Data excerpts:
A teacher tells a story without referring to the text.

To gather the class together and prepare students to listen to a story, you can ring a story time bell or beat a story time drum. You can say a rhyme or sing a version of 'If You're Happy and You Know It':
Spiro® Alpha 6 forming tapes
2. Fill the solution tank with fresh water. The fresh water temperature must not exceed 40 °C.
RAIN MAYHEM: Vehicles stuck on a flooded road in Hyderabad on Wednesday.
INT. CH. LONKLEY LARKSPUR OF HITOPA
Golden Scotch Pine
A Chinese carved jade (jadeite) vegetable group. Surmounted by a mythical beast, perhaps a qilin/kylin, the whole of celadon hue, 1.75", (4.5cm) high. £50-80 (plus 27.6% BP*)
---
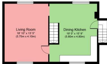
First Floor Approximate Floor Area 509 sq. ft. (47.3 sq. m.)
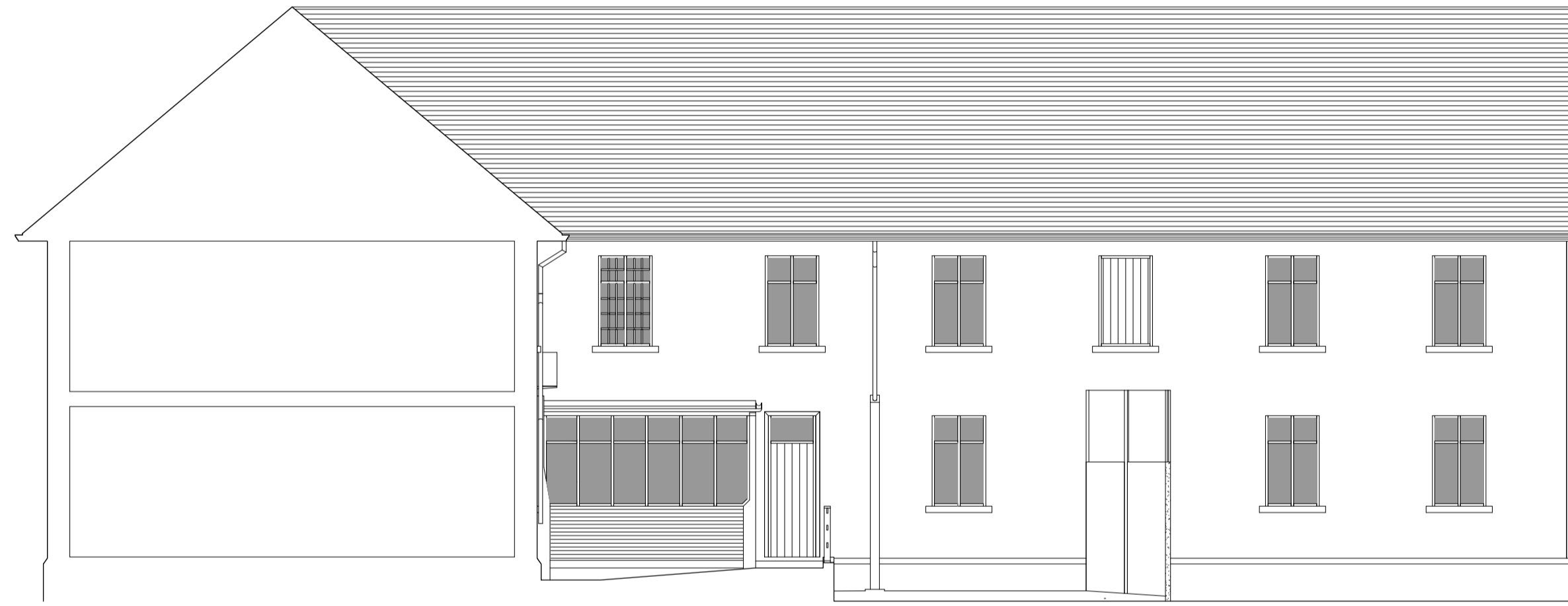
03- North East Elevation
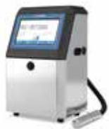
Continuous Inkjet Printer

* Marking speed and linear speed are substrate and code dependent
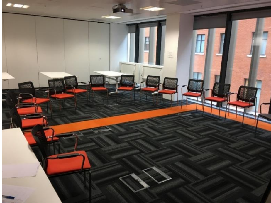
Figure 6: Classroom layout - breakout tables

What to work on:
Only the lines from the one containing "2. Fill the" through the one containing "A Chinese carved" are to be retyped, both boundary lines included, with no other material.

Task solution:
2. Fill the solution tank with fresh water. The fresh water temperature must not exceed 40 °C.
RAIN MAYHEM: Vehicles stuck on a flooded road in Hyderabad on Wednesday.
INT. CH. LONKLEY LARKSPUR OF HITOPA
Golden Scotch Pine
A Chinese carved jade (jadeite) vegetable group. Surmounted by a mythical beast, perhaps a qilin/kylin, the whole of celadon hue, 1.75", (4.5cm) high. £50-80 (plus 27.6% BP*)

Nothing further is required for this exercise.